At the moment, the risk is in certain parts of the Bill. There is obviously a very open and sequenced consultation process, so the most critical thing is the adequacy, the collaboration and the ability of unions, employers and Government to work together to ensure that we do not end up with those unintended consequences. I am sorry to say, “It depends,” but the answer is that it depends.
James Lowman: I agree: it does depend. Just to give you a flavour of how flexibility works in our sector, a lot of changes to shift patterns are from colleague to colleague, often through apps or WhatsApp groups. That is the reality of how shifts change. One of the people working shifts is often the owner of the store, so it is very much something that they are doing with those colleagues.
It is really important that the Bill, in wanting to codify and formalise some of those rights, which is good and fine, does not remove some of the flexibility and the informality, which is part of what gives flexibility on both sides. One of the reasons why we have great staff retention in our sector is that people want those local jobs where they have that flexibility; it fits in with their lives. It is really important that in framing regulations and guidance, we deal with things such as how businesses can respond to late changes in availability. There are often circumstances completely beyond our control—for example, there could be a massive delivery disruption or extreme weather changes. These are the realities of running a store.

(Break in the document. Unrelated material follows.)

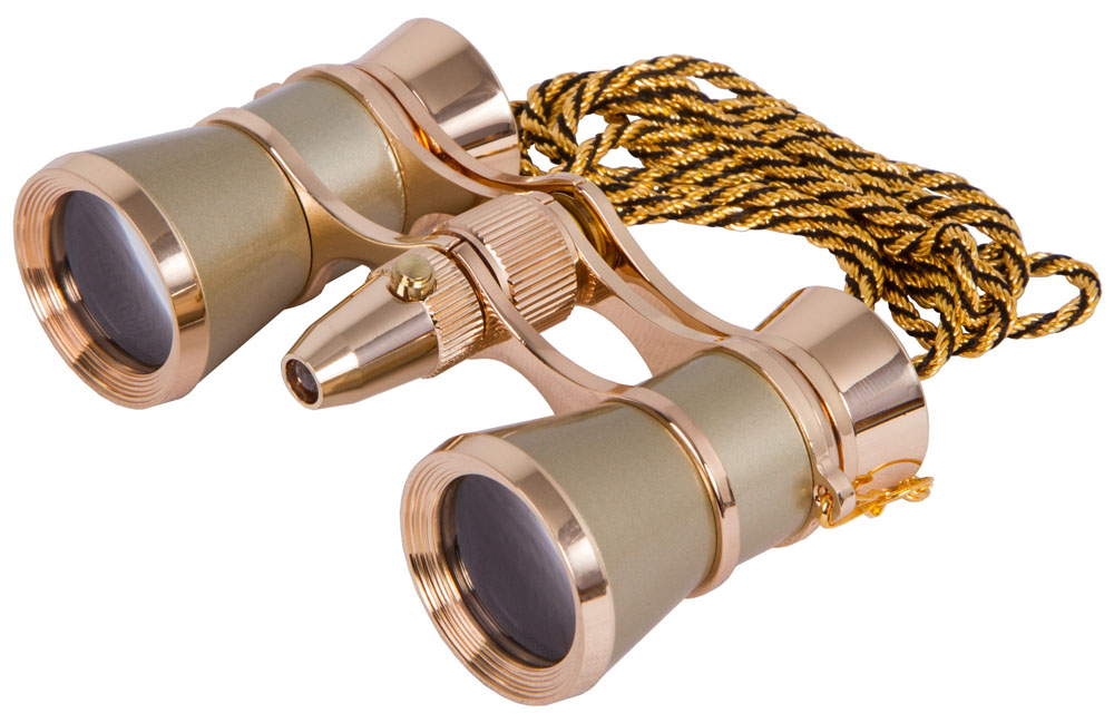 Τα κιάλια Levenhuk Broadway Opera, εκτός από το ότι είναι ένα πρακτικό εργαλείο όταν θέλετε να δείτε τι γίνεται στη σκηνή με τις πιο ξεκάθαρες λεπτομέρειες, είναι και ένα πολύ κομψό αξεσουάρ. Με τα κομψά κιάλια όπερας η σκηνή θα σας αποκαλυφθεί υπό μια εντελώς νέα γωνία. Το μοντέλο Broadway 325F έρχεται σε χρυσό χρώμα, έχει λακαρισμένη επιφάνεια και χρυσή άκρη. Αν και είναι κατασκευασμένα από μέταλλο, τα κιάλια είναι ελαφριά (περίπου 198 γραμμάρια). Είναι τόσο συμπαγή ώστε να μπορείτε να τα μεταφέρετε στο μικρότερο πορτοφόλι. Τα κιάλια έχουν κεντρική εστίαση, η οποία είναι βολική για γρήγορη ρύθμιση ευκρίνειας. Επιπλέον, το μοντέλο είναι εξοπλισμένο με φως LED, το οποίο θα σας βοηθήσει, για παράδειγμα, να βρείτε το κάθισμά σας ακόμη και σε απόλυτο σκοτάδι. Το ενεργειακά αποδοτικό φως LED τροφοδοτείται από δύο μπαταρίες πλήκτρων LR-41 (που περιλαμβάνονται στο κιτ), οι οποίες παρέχουν μεγάλη διάρκεια ζωής και σπανίως πρέπει να αντικατασταθούν. Μια αφαιρούμενη αλυσίδα συνδέεται με τα κιάλια, έτσι ώστε να μην τα αφήνετε κάπου τυχαία.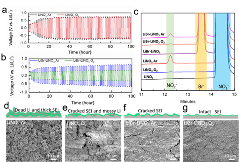 (a, b) 锂对锂电池在不同电解液中循环性能。(c) 锂对锂电池循环后电解液中阴离子浓度。(d-g) 不同金属锂循环后表面SEM表征。

Helen Dickinson: So does sickness.
James Lowman: And sickness, which we may come on to. Those factors are particularly challenging in a small store. If you have 16, 17 or 18 people working in a large store and you are one person down, that is a problem. If you have two or three people working in a shop and you are one person down, that is catastrophic in the context of that shift. That shift is important to customers, the other colleagues and the business. In enshrining greater flexibility it is important that we actually deliver greater flexibility, rather than inhibiting the flexibility that is already baked into the way we operate day to day.
We will now hear oral evidence from Joanne Cairns, head of research and policy at the Union of Shop, Distributive and Allied Workers, and Liron Velleman, head of politics at Community. This session can continue until 12.40 pm.
Q
I should have asked you to very briefly—in a sentence—introduce yourselves. Will you do so at the start of your answers? Thank you.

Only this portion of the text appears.